Exercise objective » Exact copy, pictures excluded: set down only the lines from the one with "(@hkakeya) August 26, 2025" through the end of the entries, keeping both end lines.

Exercise input »
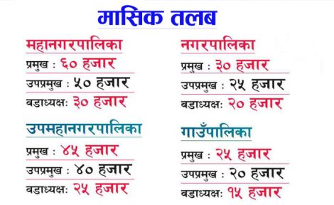 काठमाडौं । स्थानीय तहका प्रमुख, उपप्रमुख र वडाध्यक्षले मासिक तलब पाउने भएका छन् । संघीय
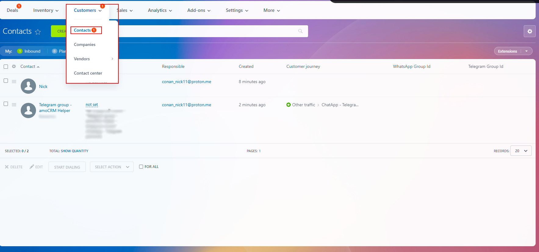 - In the Telegram connector, enable the option “Exclude CRM duplicates” – “For username”.
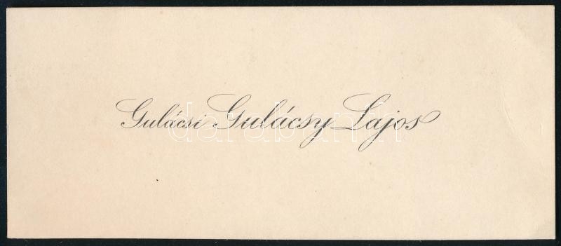 Beschreibung: Gulácsy Lajos (1882-1932) festőművész névjegykártyája, hátoldalán saját kézzel írt sorai Kézdi-Kovács László (1864 - 1942) festmőművésznek, 4,5x10,5 cm
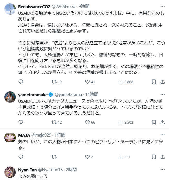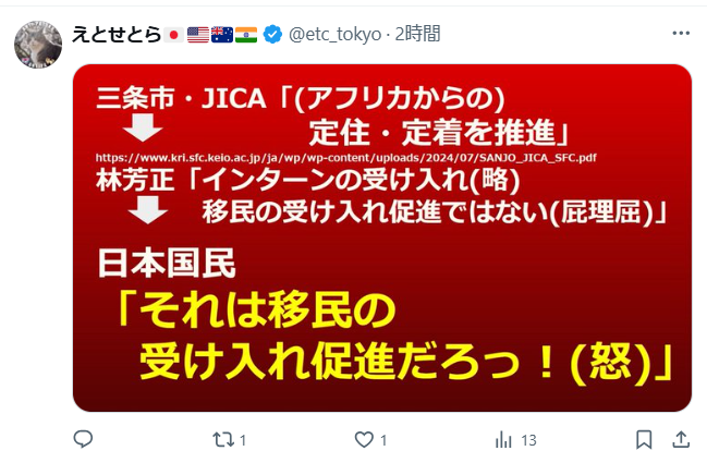 USAIDの日本版がJICAだった!いい加減日本人を騙すのは止めろ!DSの悪だくみ とことん暴露しましょう。他にもありますね 世界・日本の真実 2025.08.27 アフリカホームタウン構想で市民、国民が気づかなきゃだめですよ。もう3年も前からの計画だったようですね。JAICAの仕事だと言って忙しく働いている人もいたが、その方は本当の悪だくみについては知らなかったのですね。 汚職の温床として、実質活動停止したUSAID。 その🇯🇵版とも言えるのがJICA。「JICA USA」によれば、2024年9月にJICAの田中理事長はUSAIDのトップと面会し、人道支援、民主主義などのテーマで、グローバルな協力について話し合った。JICAの職員は、定期的にUSAIDに出向。 pic.twitter.com/y53P7sZ3mM— FBO _BS (@bs_fbo) August 26, 2025 アフリカホームタウン構想で誤情報?はぁ?火消し💦に見えますが? pic.twitter.com/MG0ztS6VaE— 町田くん (@machida19650218) August 27, 2025 ウソをついていたのは海外メディアやナイジェリア政府ではなく、やはりJICAと外務省でした。私は最初からそう思っていました。日本のエリートはほぼ例外なくウソつきで、良心の呵責など全くないからです。コロナ禍での日本の医師や学者の振る舞いを見れば、よく分かるでしょう。 https://t.co/40iVlPSoY1— Hideki Kakeya, Dr.Eng. (@hkakeya) August 26, 2025
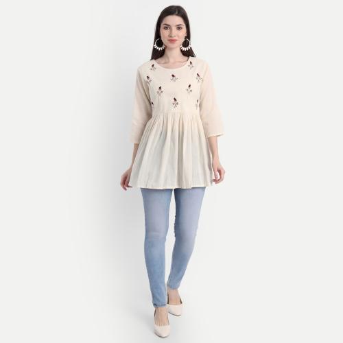 YOELLA Women Hand Work Round Neck Flored Tunic (Beige)

Completed exercise »
 USAIDの日本版がJICAだった!いい加減日本人を騙すのは止めろ!DSの悪だくみ とことん暴露しましょう。他にもありますね 世界・日本の真実 2025.08.27 アフリカホームタウン構想で市民、国民が気づかなきゃだめですよ。もう3年も前からの計画だったようですね。JAICAの仕事だと言って忙しく働いている人もいたが、その方は本当の悪だくみについては知らなかったのですね。 汚職の温床として、実質活動停止したUSAID。 その🇯🇵版とも言えるのがJICA。「JICA USA」によれば、2024年9月にJICAの田中理事長はUSAIDのトップと面会し、人道支援、民主主義などのテーマで、グローバルな協力について話し合った。JICAの職員は、定期的にUSAIDに出向。 pic.twitter.com/y53P7sZ3mM— FBO _BS (@bs_fbo) August 26, 2025 アフリカホームタウン構想で誤情報?はぁ?火消し💦に見えますが? pic.twitter.com/MG0ztS6VaE— 町田くん (@machida19650218) August 27, 2025 ウソをついていたのは海外メディアやナイジェリア政府ではなく、やはりJICAと外務省でした。私は最初からそう思っていました。日本のエリートはほぼ例外なくウソつきで、良心の呵責など全くないからです。コロナ禍での日本の医師や学者の振る舞いを見れば、よく分かるでしょう。 https://t.co/40iVlPSoY1— Hideki Kakeya, Dr.Eng. (@hkakeya) August 26, 2025
 YOELLA Women Hand Work Round Neck Flored Tunic (Beige)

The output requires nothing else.